Do views interfere with thread synchronization?

I have this code which attempts compute a matrix-vector product using submatrices.

tasks = [];
    for th in 1:length(tbs)
        tb = tbs[th]
        push!(tasks, Threads.@spawn begin 
            mul!(tb.result, tb.kcolumns, tb.uv)
        end);
    end

This works fine when materialize the submatrices, i.e. when tb.kcolumns is K[:, colrange], but it does not work when I use views, i.e. when tb.kcolumns is view(K, :, colrange).

Do views change the thread behavior?

If they change threading behavior I’d suspect a data race. More information would help to understand that better, of course.

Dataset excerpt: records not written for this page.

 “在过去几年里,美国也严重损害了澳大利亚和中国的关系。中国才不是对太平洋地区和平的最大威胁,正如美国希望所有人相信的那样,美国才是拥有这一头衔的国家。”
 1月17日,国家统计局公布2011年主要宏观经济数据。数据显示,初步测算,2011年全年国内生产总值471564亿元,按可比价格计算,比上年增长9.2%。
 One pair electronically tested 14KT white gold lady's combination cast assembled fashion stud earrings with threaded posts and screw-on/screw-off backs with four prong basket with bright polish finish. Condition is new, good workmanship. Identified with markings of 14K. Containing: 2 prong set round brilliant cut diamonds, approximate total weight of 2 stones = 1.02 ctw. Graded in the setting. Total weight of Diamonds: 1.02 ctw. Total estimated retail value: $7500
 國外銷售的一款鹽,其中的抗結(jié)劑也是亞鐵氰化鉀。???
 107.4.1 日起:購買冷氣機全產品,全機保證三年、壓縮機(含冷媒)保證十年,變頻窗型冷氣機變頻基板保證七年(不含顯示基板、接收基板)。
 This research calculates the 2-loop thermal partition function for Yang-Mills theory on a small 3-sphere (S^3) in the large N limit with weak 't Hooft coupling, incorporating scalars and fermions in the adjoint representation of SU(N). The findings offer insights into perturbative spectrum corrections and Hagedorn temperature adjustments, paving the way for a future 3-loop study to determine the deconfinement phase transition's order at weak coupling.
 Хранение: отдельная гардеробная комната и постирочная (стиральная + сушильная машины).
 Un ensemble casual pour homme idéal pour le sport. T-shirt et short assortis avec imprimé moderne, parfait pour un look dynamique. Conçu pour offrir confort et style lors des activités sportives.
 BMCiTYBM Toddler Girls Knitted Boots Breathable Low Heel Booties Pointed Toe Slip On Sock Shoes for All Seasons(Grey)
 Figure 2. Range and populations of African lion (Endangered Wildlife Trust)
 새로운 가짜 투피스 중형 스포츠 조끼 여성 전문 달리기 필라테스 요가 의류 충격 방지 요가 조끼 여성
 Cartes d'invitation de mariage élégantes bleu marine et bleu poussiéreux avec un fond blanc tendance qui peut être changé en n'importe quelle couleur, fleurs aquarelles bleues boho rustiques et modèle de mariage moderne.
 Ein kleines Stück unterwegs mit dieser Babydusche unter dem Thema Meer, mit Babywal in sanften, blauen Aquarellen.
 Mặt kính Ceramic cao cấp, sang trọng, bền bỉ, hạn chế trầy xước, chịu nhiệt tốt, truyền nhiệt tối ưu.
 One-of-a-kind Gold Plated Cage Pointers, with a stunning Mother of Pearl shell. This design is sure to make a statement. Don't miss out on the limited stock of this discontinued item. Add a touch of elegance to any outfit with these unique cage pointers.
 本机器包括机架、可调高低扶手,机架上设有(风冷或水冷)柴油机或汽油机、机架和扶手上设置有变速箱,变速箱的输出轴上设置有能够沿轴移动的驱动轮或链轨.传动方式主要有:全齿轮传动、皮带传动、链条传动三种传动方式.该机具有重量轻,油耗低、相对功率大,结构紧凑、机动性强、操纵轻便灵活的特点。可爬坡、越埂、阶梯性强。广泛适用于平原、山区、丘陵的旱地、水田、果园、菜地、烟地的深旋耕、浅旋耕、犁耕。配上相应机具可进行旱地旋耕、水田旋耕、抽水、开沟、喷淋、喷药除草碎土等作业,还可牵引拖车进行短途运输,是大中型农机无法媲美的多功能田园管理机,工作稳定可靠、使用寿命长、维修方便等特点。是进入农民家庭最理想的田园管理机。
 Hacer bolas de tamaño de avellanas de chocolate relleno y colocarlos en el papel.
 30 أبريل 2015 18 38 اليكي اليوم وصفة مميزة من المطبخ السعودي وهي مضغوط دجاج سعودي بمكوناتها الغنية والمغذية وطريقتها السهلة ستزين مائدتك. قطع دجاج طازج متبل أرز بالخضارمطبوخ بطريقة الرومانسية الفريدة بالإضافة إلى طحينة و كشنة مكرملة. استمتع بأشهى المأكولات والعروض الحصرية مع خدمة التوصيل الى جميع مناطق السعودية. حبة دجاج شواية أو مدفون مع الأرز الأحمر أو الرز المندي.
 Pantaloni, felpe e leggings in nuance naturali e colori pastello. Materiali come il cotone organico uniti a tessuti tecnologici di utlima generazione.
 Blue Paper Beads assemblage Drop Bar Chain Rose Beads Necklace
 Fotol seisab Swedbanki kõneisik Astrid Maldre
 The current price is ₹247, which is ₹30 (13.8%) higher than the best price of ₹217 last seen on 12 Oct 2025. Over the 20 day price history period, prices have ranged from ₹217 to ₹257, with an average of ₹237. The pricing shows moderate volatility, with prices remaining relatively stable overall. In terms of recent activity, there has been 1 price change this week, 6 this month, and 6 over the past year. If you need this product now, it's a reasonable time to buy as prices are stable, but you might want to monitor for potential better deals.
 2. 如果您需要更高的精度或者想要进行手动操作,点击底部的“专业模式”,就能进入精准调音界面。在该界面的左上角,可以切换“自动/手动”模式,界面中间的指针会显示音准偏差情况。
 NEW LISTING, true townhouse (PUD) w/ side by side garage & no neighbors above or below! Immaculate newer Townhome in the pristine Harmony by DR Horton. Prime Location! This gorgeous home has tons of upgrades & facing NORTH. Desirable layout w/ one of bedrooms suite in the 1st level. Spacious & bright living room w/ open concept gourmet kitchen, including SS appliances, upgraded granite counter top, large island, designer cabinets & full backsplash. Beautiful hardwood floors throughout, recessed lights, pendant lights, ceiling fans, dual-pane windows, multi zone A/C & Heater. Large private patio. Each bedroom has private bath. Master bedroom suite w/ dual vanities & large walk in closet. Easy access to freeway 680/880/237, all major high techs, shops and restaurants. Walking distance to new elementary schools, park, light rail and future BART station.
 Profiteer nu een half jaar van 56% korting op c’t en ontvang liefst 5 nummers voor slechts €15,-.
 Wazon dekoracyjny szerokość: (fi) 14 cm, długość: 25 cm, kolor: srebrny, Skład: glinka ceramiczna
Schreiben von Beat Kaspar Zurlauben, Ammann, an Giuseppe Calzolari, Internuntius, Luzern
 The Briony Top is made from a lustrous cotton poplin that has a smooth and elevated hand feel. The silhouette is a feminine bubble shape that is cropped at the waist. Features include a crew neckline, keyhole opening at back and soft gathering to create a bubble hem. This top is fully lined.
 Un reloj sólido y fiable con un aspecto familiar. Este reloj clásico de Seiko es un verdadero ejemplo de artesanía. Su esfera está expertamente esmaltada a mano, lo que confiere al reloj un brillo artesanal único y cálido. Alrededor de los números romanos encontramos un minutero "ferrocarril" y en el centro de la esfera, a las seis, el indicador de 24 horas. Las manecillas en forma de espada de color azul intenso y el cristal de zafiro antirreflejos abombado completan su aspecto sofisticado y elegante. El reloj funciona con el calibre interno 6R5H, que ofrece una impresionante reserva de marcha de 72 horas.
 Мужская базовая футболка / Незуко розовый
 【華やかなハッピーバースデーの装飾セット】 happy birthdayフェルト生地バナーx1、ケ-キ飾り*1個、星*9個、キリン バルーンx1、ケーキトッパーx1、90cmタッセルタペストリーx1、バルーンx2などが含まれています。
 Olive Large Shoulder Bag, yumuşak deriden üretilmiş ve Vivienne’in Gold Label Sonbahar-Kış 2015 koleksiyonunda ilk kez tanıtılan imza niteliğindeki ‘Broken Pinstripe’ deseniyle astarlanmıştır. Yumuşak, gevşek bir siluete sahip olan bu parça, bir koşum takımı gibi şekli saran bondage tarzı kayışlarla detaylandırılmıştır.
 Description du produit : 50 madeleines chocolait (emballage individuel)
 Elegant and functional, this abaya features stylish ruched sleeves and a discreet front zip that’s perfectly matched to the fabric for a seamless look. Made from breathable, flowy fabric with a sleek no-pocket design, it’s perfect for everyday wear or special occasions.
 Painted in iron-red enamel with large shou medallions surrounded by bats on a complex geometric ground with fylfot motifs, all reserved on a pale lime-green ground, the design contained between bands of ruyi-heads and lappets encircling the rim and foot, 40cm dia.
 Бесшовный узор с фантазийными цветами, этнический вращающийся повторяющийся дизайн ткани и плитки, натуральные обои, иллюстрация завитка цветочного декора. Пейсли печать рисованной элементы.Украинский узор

Alas, my attempts to construct a MWE have failed to reproduce the behavior (the threads get stuck forever).

Which sounds like a problem in itself. Should we have a look?

OK. Here is the code of the M(non)WE:

module example

using LinearAlgebra
using SparseArrays

struct ThreadBuffer{KVT}
    kcolumns::KVT
    uv::SubArray{Float64, 1, Vector{Float64}, Tuple{UnitRange{Int64}}, true} 
    result::Vector{Float64}
end

function parmul!(R, tbs)
    tasks = [];
    for th in 1:length(tbs)
        tb = tbs[th]
        push!(tasks, Threads.@spawn begin 
            mul!(tb.result, tb.kcolumns, tb.uv)
        end);
    end
    Threads.wait(tasks[1]);
    R .= tbs[1].result
    for th in 2:length(tbs)
        Threads.wait(tasks[th]);
        R .+= tbs[th].result
    end
    R
end

function parloop!(N)
    K = sprand(N, N, 0.1)
    U1 = rand(N)
    R = fill(0.0, N)
    nth = Base.Threads.nthreads()
    @info "$nth threads used"
    chunk = Int(floor(N / nth))
    threadbuffs = ThreadBuffer[];
    for th in 1:nth
        colrange = th < nth ? (chunk*(th-1)+1:chunk*(th)+1-1) : (chunk*(th-1)+1:length(U1))
        push!(threadbuffs, ThreadBuffer(view(K, :, colrange), view(U1, colrange), deepcopy(U1)));
        # push!(threadbuffs, ThreadBuffer(K[:, colrange], view(U1, colrange), deepcopy(U1)));
    end

    R .= parmul!(R, threadbuffs)
    @show norm(R - K*U1)
    true 
end

end # module
nothing

using .example; example.parloop!(10000)

Interesting. Returns immediately for me with

[ Info: 5 threads used
norm(R - K * U1) = 2.0796050396124542e-11
true

on

julia> versioninfo()
Julia Version 1.8.0-DEV.1309
Commit 89f23325aa (2022-01-13 19:48 UTC)        
Platform Info:
  OS: Windows (x86_64-w64-mingw32)
  CPU: Intel(R) Core(TM) i7-10710U CPU @ 1.10GHz
  WORD_SIZE: 64
  LIBM: libopenlibm
  LLVM: libLLVM-13.0.0 (ORCJIT, skylake)
Environment:
  JULIA_EDITOR = code
  JULIA_NUM_THREADS = 5

Correct: That is why it is a non-working example.

1 Like

Code looks fine too me. Only thing I’m wondering: why deepcopy(U1) instead of similar(U1)?